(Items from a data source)
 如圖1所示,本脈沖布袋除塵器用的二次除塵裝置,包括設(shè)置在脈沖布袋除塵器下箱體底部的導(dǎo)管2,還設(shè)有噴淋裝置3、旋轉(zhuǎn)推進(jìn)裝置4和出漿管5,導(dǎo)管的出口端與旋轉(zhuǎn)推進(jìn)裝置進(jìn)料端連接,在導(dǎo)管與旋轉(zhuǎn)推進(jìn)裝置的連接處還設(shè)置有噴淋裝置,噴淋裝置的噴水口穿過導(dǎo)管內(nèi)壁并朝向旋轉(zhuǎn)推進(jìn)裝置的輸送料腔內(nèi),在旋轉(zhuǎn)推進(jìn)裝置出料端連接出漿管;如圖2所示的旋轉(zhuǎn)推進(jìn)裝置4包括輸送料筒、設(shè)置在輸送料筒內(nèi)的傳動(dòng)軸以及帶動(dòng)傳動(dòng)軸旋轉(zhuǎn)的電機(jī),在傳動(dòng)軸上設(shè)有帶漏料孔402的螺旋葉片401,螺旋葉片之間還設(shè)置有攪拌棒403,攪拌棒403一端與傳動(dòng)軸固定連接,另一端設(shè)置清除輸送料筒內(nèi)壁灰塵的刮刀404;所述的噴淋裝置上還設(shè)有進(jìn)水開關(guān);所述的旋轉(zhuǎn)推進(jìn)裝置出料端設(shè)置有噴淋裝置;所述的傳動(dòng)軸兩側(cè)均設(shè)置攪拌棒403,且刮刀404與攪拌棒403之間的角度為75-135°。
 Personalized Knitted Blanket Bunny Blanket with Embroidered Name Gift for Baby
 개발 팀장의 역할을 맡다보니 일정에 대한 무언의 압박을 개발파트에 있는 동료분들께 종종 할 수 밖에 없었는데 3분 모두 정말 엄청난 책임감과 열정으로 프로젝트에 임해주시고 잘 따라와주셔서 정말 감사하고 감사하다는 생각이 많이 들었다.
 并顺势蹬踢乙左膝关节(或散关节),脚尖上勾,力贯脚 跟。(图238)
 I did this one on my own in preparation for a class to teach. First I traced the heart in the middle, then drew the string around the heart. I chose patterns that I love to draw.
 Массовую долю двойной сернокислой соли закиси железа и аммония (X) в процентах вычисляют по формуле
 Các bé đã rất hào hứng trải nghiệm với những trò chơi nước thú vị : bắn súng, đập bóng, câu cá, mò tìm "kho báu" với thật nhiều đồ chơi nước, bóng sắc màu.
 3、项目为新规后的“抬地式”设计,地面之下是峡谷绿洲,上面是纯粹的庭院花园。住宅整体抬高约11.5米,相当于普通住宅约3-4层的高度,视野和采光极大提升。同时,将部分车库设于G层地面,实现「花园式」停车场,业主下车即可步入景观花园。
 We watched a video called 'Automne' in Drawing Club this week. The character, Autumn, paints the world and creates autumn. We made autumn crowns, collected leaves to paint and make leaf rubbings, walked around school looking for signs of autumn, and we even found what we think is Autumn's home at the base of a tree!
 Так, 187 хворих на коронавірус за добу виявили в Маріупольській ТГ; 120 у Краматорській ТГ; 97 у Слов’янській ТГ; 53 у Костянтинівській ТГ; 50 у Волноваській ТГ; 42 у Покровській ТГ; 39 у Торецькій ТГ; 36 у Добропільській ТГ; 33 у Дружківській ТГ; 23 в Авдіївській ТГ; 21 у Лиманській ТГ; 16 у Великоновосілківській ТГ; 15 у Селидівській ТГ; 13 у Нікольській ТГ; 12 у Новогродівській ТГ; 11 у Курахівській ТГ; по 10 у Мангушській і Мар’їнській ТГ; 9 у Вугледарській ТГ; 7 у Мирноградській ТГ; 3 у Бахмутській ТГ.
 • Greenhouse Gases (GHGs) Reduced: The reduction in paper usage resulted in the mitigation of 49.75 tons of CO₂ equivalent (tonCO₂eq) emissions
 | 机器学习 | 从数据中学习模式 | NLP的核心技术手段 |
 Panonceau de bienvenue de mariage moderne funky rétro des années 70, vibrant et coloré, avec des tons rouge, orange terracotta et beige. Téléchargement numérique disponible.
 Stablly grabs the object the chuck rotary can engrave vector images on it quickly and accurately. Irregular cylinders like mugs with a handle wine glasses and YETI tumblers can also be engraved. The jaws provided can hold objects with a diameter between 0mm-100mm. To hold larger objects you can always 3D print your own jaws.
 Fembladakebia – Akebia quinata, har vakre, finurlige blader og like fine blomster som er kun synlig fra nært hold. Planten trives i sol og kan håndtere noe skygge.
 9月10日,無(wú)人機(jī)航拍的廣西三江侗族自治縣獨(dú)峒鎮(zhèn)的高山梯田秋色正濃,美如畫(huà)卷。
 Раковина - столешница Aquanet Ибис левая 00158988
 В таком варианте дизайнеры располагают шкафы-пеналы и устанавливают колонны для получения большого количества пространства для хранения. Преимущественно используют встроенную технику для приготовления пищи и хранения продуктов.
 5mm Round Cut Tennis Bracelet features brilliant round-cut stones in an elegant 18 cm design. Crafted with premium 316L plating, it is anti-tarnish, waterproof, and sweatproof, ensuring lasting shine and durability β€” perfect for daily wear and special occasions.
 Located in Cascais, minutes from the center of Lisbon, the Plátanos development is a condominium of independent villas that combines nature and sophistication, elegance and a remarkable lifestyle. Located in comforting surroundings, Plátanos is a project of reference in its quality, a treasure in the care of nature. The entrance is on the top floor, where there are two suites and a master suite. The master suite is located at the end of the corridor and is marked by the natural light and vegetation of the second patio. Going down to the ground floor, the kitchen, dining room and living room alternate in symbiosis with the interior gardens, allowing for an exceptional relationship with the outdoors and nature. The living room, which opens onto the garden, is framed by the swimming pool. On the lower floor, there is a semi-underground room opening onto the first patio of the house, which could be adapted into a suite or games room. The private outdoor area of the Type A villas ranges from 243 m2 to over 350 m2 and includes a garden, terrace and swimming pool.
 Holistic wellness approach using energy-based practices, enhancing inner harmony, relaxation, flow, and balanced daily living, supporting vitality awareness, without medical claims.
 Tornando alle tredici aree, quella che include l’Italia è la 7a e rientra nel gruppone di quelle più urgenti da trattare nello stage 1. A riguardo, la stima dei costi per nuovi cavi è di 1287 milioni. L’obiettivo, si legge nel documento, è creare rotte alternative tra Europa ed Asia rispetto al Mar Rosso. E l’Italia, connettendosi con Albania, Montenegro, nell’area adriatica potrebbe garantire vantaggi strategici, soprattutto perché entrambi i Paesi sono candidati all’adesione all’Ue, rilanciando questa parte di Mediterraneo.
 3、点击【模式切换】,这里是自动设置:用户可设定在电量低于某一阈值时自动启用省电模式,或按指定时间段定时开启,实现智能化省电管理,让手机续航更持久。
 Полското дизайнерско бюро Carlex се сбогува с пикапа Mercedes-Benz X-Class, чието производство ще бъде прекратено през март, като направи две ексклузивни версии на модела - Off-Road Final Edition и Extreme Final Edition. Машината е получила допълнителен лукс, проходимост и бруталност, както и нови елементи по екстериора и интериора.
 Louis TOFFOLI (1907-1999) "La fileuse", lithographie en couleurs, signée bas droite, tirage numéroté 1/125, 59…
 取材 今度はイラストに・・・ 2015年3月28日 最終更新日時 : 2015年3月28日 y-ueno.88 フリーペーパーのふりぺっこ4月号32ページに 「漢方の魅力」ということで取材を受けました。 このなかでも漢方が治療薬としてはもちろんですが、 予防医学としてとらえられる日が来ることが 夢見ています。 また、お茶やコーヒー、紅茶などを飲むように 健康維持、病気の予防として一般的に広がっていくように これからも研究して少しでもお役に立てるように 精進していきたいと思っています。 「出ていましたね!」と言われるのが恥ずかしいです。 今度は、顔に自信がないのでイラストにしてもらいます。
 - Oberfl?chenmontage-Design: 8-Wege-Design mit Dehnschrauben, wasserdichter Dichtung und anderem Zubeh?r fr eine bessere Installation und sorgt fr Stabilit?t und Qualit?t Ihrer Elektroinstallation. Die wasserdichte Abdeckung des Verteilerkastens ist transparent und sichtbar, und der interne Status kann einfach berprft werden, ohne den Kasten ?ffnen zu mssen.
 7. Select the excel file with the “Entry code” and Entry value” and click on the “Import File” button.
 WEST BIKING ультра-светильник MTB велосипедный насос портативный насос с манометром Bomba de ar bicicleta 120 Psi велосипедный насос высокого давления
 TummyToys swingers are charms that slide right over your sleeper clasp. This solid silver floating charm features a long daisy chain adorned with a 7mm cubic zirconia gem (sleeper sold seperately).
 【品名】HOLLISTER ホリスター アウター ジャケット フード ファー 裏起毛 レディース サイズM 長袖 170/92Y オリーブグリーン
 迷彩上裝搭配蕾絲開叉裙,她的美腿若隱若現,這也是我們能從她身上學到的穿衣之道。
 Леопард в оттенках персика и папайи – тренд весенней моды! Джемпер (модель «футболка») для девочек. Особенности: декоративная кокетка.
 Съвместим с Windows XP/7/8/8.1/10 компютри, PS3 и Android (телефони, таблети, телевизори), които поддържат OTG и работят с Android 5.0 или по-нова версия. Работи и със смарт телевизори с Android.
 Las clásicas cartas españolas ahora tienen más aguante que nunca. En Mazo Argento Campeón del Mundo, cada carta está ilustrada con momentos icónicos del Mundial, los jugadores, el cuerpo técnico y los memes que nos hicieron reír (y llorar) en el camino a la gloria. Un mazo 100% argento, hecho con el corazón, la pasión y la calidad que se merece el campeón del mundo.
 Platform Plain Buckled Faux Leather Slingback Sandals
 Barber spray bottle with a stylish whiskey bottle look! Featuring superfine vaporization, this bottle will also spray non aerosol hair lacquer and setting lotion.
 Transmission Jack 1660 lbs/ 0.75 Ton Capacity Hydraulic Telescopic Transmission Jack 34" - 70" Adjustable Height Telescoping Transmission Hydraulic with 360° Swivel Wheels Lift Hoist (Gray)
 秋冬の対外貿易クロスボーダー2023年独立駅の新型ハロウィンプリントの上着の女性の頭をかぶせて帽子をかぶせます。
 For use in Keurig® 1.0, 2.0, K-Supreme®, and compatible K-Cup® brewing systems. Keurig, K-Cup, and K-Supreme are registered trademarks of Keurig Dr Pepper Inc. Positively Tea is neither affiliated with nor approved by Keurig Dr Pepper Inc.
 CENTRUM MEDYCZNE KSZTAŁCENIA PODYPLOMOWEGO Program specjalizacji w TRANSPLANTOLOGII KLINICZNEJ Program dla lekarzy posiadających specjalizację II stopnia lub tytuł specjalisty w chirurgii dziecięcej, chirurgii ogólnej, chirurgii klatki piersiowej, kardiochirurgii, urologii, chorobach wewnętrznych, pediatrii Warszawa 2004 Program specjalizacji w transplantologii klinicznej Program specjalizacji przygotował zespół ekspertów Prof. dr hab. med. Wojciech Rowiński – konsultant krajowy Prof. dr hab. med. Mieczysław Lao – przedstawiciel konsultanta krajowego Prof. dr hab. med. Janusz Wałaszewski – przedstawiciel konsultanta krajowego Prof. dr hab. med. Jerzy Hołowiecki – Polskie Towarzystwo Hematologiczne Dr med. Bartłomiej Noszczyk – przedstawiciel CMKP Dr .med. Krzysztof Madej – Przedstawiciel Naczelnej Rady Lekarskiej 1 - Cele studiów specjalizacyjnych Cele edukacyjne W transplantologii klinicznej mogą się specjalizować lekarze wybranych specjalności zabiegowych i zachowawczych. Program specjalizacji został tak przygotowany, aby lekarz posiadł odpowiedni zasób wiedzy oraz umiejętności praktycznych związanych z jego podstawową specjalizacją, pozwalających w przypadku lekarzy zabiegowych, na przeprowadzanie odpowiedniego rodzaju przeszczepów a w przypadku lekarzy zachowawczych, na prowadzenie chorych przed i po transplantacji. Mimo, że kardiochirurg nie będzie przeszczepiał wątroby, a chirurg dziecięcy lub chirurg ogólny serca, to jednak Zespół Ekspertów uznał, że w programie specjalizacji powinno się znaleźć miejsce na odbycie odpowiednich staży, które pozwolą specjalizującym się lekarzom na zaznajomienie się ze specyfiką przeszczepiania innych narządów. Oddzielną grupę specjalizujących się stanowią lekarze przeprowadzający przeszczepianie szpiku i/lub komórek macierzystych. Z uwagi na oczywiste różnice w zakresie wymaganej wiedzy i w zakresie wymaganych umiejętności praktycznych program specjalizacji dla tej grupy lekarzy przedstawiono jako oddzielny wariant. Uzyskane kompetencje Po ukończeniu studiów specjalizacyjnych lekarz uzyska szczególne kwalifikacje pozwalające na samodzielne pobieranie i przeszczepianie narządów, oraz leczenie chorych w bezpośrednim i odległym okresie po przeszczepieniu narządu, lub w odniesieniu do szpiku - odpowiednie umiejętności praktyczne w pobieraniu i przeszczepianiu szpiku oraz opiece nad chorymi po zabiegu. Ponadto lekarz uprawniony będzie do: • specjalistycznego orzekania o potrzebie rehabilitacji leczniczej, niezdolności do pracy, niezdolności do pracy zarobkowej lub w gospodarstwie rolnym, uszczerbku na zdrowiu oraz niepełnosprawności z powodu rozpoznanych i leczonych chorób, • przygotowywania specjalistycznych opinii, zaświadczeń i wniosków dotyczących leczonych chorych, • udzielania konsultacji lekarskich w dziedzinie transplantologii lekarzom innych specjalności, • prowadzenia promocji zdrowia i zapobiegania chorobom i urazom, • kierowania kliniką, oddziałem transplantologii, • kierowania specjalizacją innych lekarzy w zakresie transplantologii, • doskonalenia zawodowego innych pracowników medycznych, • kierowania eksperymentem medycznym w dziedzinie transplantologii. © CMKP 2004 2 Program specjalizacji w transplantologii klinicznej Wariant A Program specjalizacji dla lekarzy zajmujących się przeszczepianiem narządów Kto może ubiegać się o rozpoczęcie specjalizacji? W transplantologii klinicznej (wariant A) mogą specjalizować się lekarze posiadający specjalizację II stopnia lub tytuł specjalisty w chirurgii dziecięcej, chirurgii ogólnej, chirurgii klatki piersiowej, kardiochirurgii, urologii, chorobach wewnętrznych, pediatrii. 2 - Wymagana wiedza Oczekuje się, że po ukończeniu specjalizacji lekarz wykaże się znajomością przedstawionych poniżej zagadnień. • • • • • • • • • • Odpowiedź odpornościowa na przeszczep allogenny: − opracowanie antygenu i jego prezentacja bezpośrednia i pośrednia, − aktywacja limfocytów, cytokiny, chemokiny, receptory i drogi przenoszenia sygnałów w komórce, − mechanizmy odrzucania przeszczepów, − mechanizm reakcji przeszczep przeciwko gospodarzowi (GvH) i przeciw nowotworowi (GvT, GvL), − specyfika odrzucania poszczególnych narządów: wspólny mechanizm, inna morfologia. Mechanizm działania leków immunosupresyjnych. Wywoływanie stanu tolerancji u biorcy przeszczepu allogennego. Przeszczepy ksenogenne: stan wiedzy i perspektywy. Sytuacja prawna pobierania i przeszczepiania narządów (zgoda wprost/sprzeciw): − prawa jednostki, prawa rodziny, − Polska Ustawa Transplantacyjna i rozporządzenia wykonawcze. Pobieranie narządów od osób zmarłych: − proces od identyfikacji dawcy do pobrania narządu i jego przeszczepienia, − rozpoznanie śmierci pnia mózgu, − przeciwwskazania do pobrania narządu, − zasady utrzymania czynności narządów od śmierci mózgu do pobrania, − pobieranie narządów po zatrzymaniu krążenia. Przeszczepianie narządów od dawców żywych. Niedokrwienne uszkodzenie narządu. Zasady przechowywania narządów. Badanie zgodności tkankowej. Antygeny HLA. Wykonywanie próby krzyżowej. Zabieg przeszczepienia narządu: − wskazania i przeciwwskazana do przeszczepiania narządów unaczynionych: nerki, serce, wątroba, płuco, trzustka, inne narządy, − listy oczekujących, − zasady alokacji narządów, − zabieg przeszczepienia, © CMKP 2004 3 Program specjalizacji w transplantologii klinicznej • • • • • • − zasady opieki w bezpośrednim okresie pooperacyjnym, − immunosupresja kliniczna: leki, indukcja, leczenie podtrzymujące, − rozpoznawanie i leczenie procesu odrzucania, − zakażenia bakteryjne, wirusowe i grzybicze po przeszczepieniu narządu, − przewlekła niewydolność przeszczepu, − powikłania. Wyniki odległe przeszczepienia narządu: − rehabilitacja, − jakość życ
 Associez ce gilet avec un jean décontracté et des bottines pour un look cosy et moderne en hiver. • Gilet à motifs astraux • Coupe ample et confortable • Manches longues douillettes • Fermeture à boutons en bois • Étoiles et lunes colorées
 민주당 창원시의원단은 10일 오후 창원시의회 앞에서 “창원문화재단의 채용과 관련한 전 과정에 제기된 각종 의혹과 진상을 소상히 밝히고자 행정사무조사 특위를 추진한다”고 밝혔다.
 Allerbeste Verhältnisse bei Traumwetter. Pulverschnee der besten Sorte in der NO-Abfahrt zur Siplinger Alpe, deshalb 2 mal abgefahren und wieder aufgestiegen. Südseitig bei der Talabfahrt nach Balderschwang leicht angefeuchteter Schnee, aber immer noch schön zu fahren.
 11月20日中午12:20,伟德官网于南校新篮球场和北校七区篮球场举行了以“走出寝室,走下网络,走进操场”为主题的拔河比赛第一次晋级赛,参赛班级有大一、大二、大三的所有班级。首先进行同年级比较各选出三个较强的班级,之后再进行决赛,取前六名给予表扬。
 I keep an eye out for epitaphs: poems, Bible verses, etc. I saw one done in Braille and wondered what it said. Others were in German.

__To do__.
Copy each line of the records containing the string "living".

__Output below__.
 Located in Cascais, minutes from the center of Lisbon, the Plátanos development is a condominium of independent villas that combines nature and sophistication, elegance and a remarkable lifestyle. Located in comforting surroundings, Plátanos is a project of reference in its quality, a treasure in the care of nature. The entrance is on the top floor, where there are two suites and a master suite. The master suite is located at the end of the corridor and is marked by the natural light and vegetation of the second patio. Going down to the ground floor, the kitchen, dining room and living room alternate in symbiosis with the interior gardens, allowing for an exceptional relationship with the outdoors and nature. The living room, which opens onto the garden, is framed by the swimming pool. On the lower floor, there is a semi-underground room opening onto the first patio of the house, which could be adapted into a suite or games room. The private outdoor area of the Type A villas ranges from 243 m2 to over 350 m2 and includes a garden, terrace and swimming pool.
 Holistic wellness approach using energy-based practices, enhancing inner harmony, relaxation, flow, and balanced daily living, supporting vitality awareness, without medical claims.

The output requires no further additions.